Political parties and Modise insisted on Saturday there was nothing legally preventing Parliament from removing Mkhwebane despite her court application to block the move.

This comes after Modise extended the deadline for parties to submit the names of people to sit on the independent panel to assess whether there was prima facie evidence against Mkhwebane.

Spokesperson for Parliament Moloto Mothapo said yesterday there was nothing legally stopping them from going ahead with the process.

He said once the deadline of Wednesday, to submit the names of people to sit on the panel was met, Modise would embark on a process of appointing fit and proper persons to serve on the panel.

“With regard to the papers (filed by Mkhwebane), Parliament will oppose the application in defence of the powers of Parliament and holding Chapter 9 institutions accountable,” said Mothapo.

The DA, IFP, Cope and African Christian Democratic Party also backed the Speaker to go ahead with the process.

DA chief whip Natasha Mazzone said the process followed by Parliament was lawful and constitutional.

ACDP MP Steve Swart said the process to remove Mkhwebane would go ahead and they support Modise in the matter.

“We are saying there is nothing to prevent the speaker from continuing with the process. We believe the rules are lawful and constitutional. There is nothing in law that prevents the speaker from continuing,” he said.

The IFP’s Mkhuleko Hlengwa said the party expected the process to go ahead despite the court action by Mkhwebane.

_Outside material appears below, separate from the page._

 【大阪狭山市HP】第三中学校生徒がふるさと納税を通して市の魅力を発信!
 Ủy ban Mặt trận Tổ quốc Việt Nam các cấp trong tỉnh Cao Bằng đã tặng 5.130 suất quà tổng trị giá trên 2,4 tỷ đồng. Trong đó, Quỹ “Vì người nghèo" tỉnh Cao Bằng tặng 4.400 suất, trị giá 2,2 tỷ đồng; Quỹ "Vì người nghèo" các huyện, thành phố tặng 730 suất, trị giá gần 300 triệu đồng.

“We have always said the public protector must subject herself to due process. Where we fundamentally differ with the public protector is when the protector questions the role of Parliament,” said Hlengwa.

He said if Parliament was good enough to appoint Mkhwebane, it was also good enough to hold her accountable.

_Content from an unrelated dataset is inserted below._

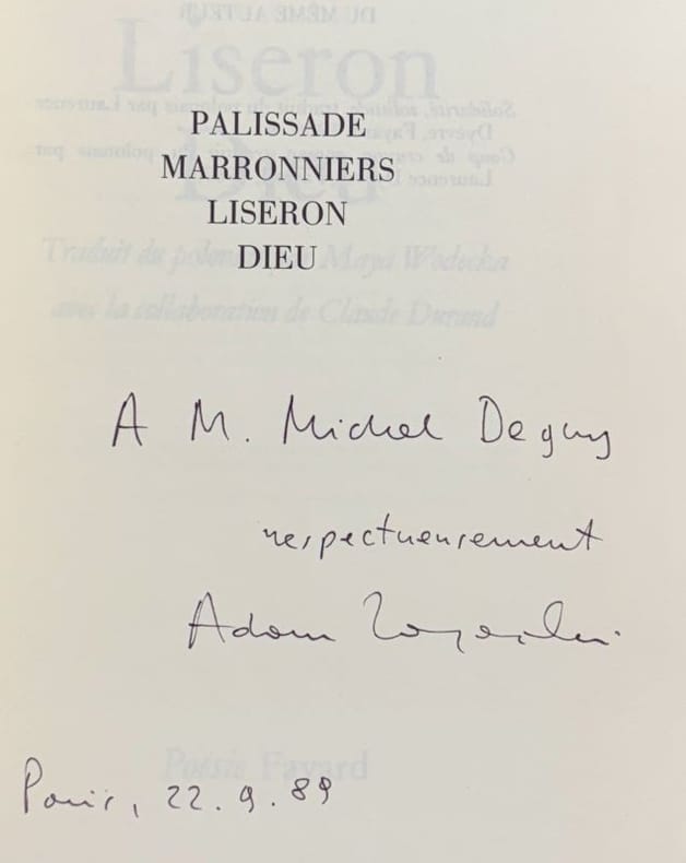 Paris Fayard, coll. "Poésie" 1989 1 vol. broché grand in-8, broché, couverture à rabats, 119 pp. Traduit du polonais par Maya Wodecka avec la collaboration de Claude Durand. Edition originale française à tirage limité. Envoi autographe signé de l'auteur à un poète et critique. Très bon état.

He said since Mkhwebane had cited all the parties in her court application, the IFP was likely to oppose her application.

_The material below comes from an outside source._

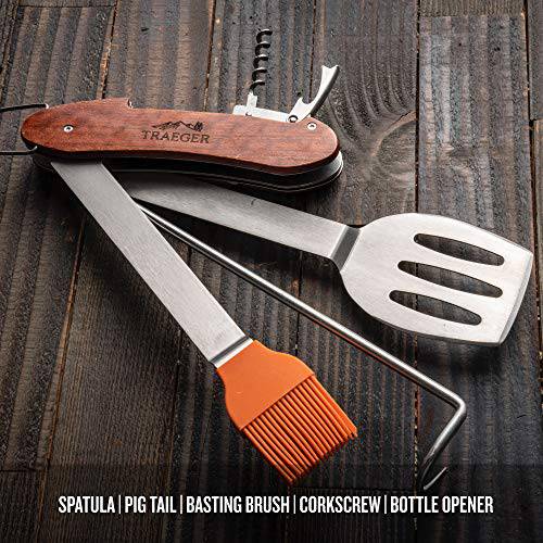 TraegerBrand: TraegerFeatures: Includes portable-sized spatula, pig tail, basting brush, and corkscrew Perfect for grilling on the go Hand wash only Stor...

“If she believes she has done nothing wrong, she has nothing to worry about. We, as the IFP are engaged in this process objectively.”

Mkhwebane launched her court bid this week after she questioned the process to remove her. She said it was unconstitutional and unlawful.

Mothapo would not say when they would file their papers against Mkhwebane. But Parliament would not be deterred and the process would go ahead as planned.